=== Given information ===
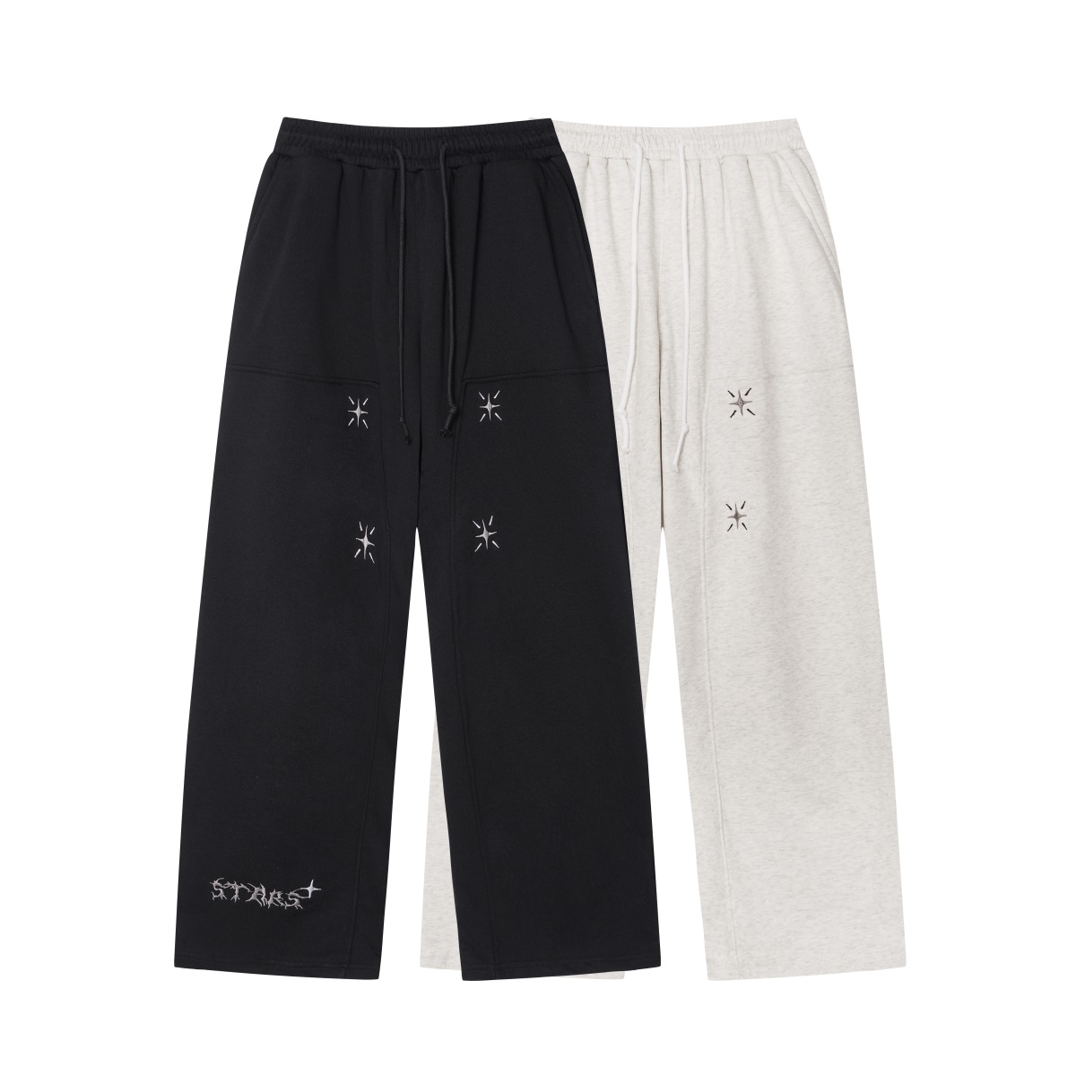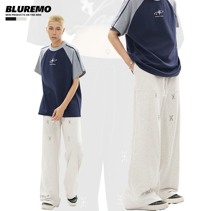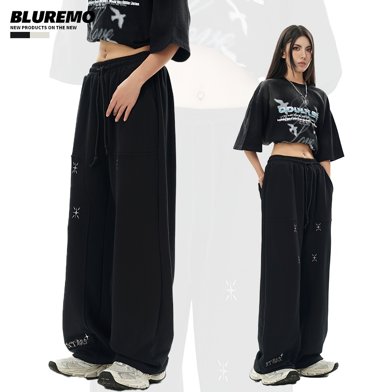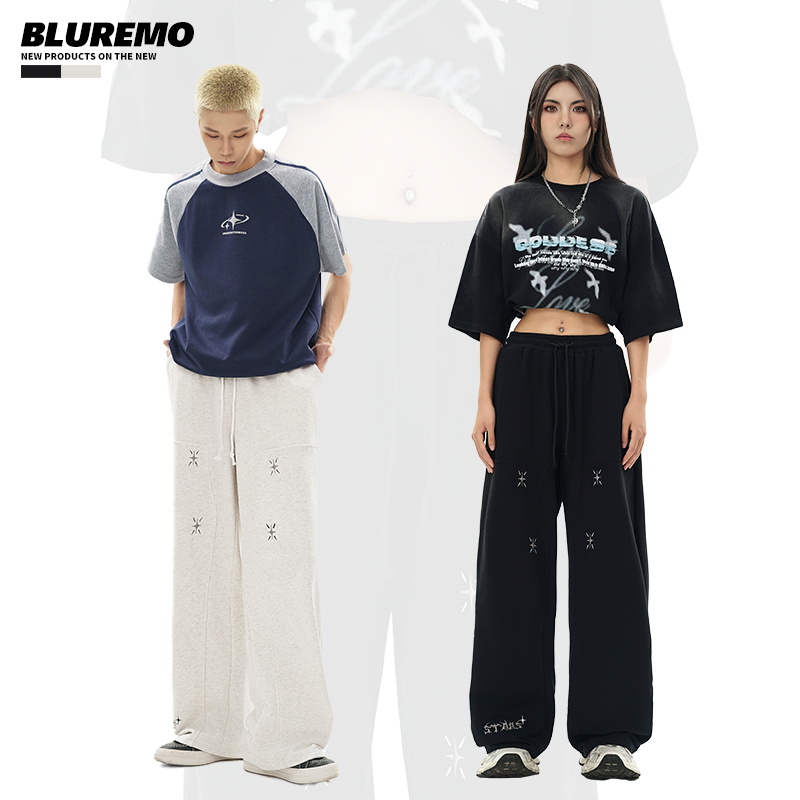 潮流拼接仿钉扣绣花宽松阔腿休闲裤 BLUREMO 模糊情绪2025早秋新款
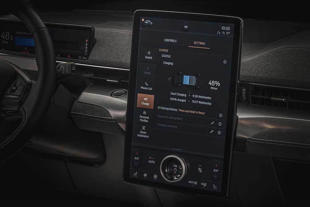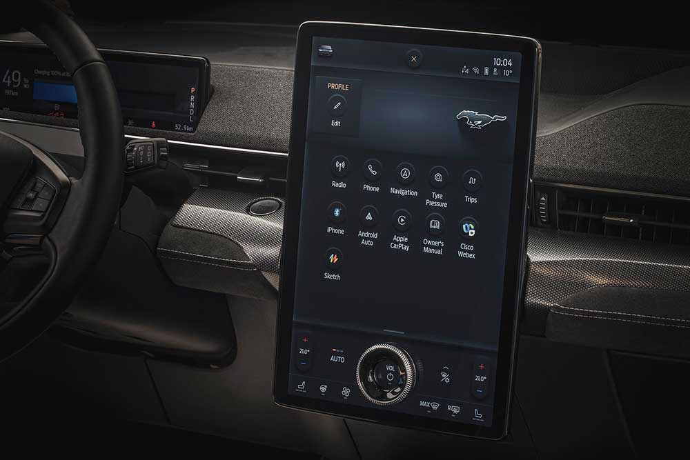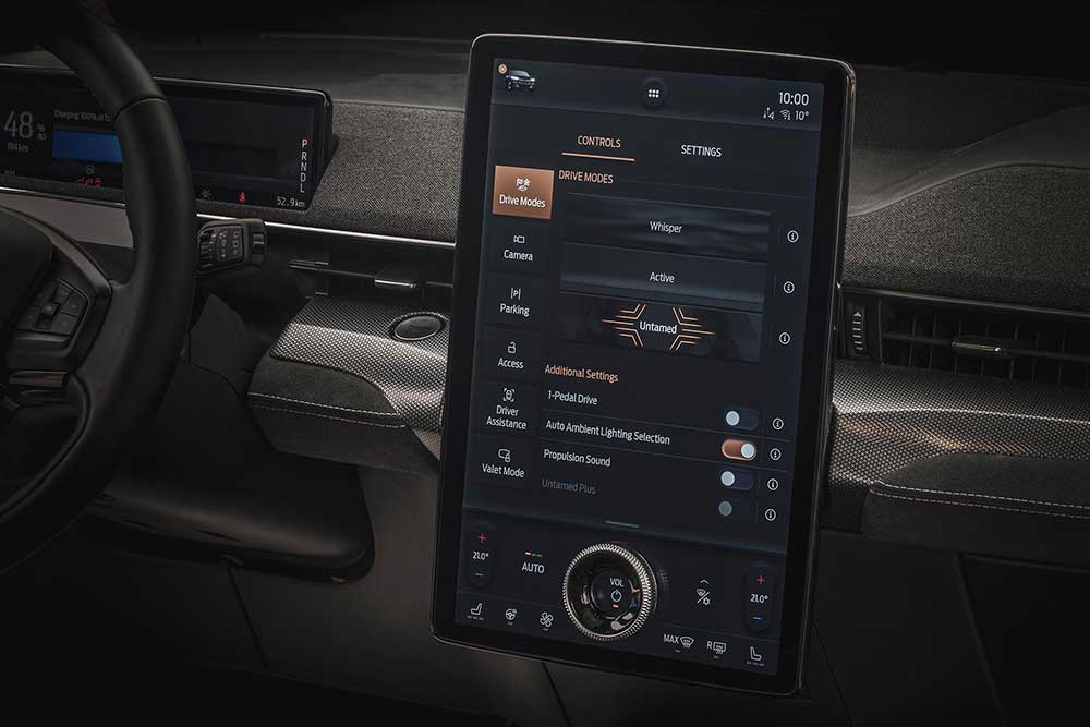 Τα -επίσης ειδικά εξελιγμένα για τη Mach-E GT- Pirelli, διάστασης 245/45/R20, φροντίζουν για την αδιάλειπτη παροχή πρόσφυσης, αλλά όχι σε αποπνικτικό βαθμό. Η κατανομή της ροπής διατηρεί δραστήρια την ουρά, βοηθώντας σε να βγαίνεις «ίσιος» από τις στροφές ή απλά να προσφέρεις θέαμα. Υποστροφή θα εμφανιστεί στιγμιαία και μόνο σε κλειστές στροφές, μέχρι να αλλάξει το «ματσάρισμα» της ισχύος εμπρός-πίσω. Ο οδηγός έχει στη διάθεσή του 3+1 προγράμματα λειτουργίας (Whisper, Active, Untamed και Untamed Plus), που αλλάζουν το ποσοστό παροχής συνολικά και μεταξύ των δυο αξόνων. Στο Whisper, ας πούμε, η Mustang είναι κατά βάση μπροστοκίνητη, την ώρα που με το Untamed («αδάμαστο») ξεκλειδώνει το 90% της δυναμικής.
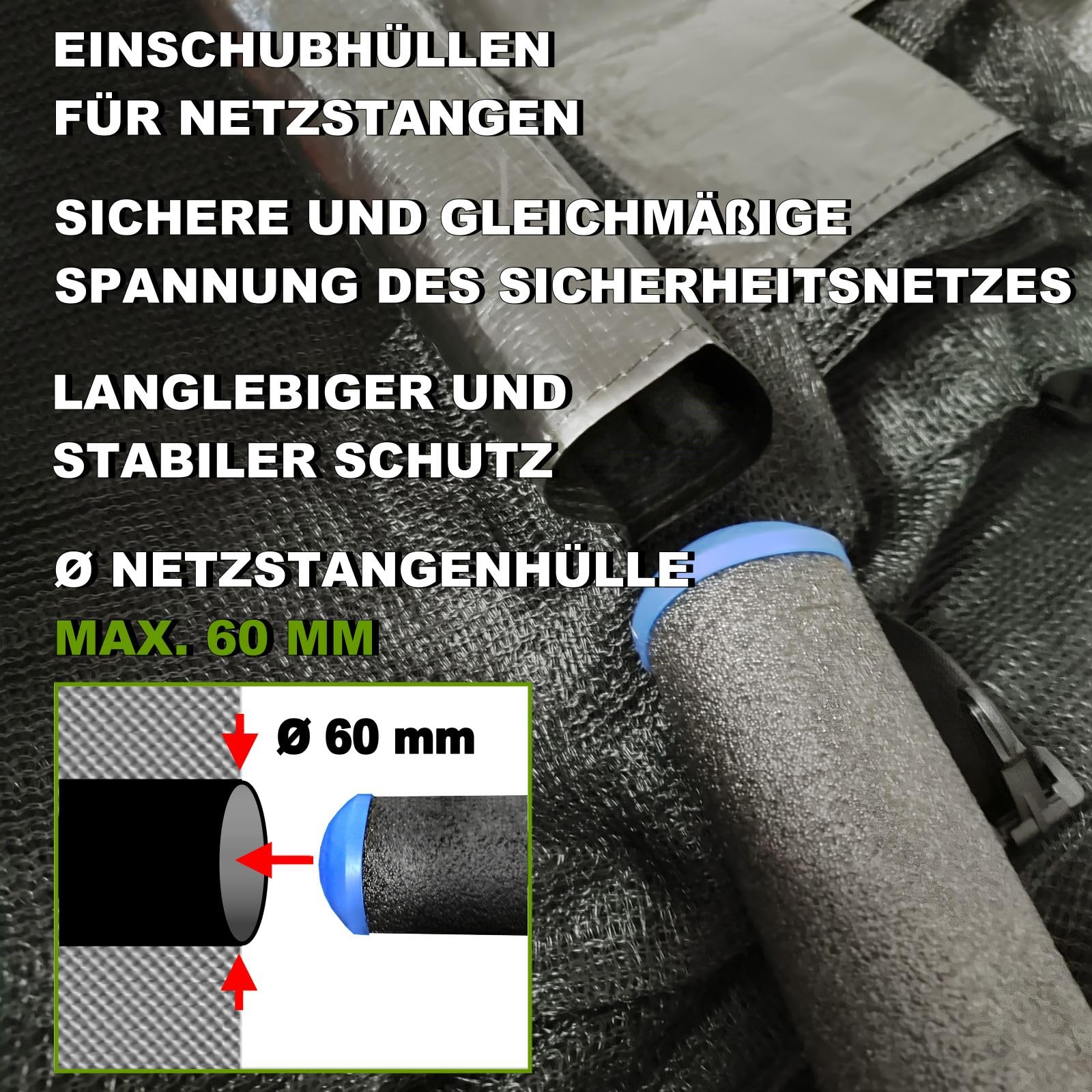 "Trampoline safety net size Ø 427 - 430 cm, suitable for 6 poles, height 180 cm, with centrally positioned zipper. Compatible with trampolines with external nets. It is stretched over the frame of the trampoline and securely fastened with stretch bands and hooks to keep it in place even during intense use. The zipper in the center allows easy access. Easy to assemble, durable, and provides optimal protection. Check carefully for dimensions and compatibility before purchasing."
===
Exercise details -> In the answer, set down only the lines from the opening line of the listing through the line that holds "Τα -επίσης ειδικά", exactly as they appear, minus the pictures.

Answer section ->
 潮流拼接仿钉扣绣花宽松阔腿休闲裤 BLUREMO 模糊情绪2025早秋新款
 Τα -επίσης ειδικά εξελιγμένα για τη Mach-E GT- Pirelli, διάστασης 245/45/R20, φροντίζουν για την αδιάλειπτη παροχή πρόσφυσης, αλλά όχι σε αποπνικτικό βαθμό. Η κατανομή της ροπής διατηρεί δραστήρια την ουρά, βοηθώντας σε να βγαίνεις «ίσιος» από τις στροφές ή απλά να προσφέρεις θέαμα. Υποστροφή θα εμφανιστεί στιγμιαία και μόνο σε κλειστές στροφές, μέχρι να αλλάξει το «ματσάρισμα» της ισχύος εμπρός-πίσω. Ο οδηγός έχει στη διάθεσή του 3+1 προγράμματα λειτουργίας (Whisper, Active, Untamed και Untamed Plus), που αλλάζουν το ποσοστό παροχής συνολικά και μεταξύ των δυο αξόνων. Στο Whisper, ας πούμε, η Mustang είναι κατά βάση μπροστοκίνητη, την ώρα που με το Untamed («αδάμαστο») ξεκλειδώνει το 90% της δυναμικής.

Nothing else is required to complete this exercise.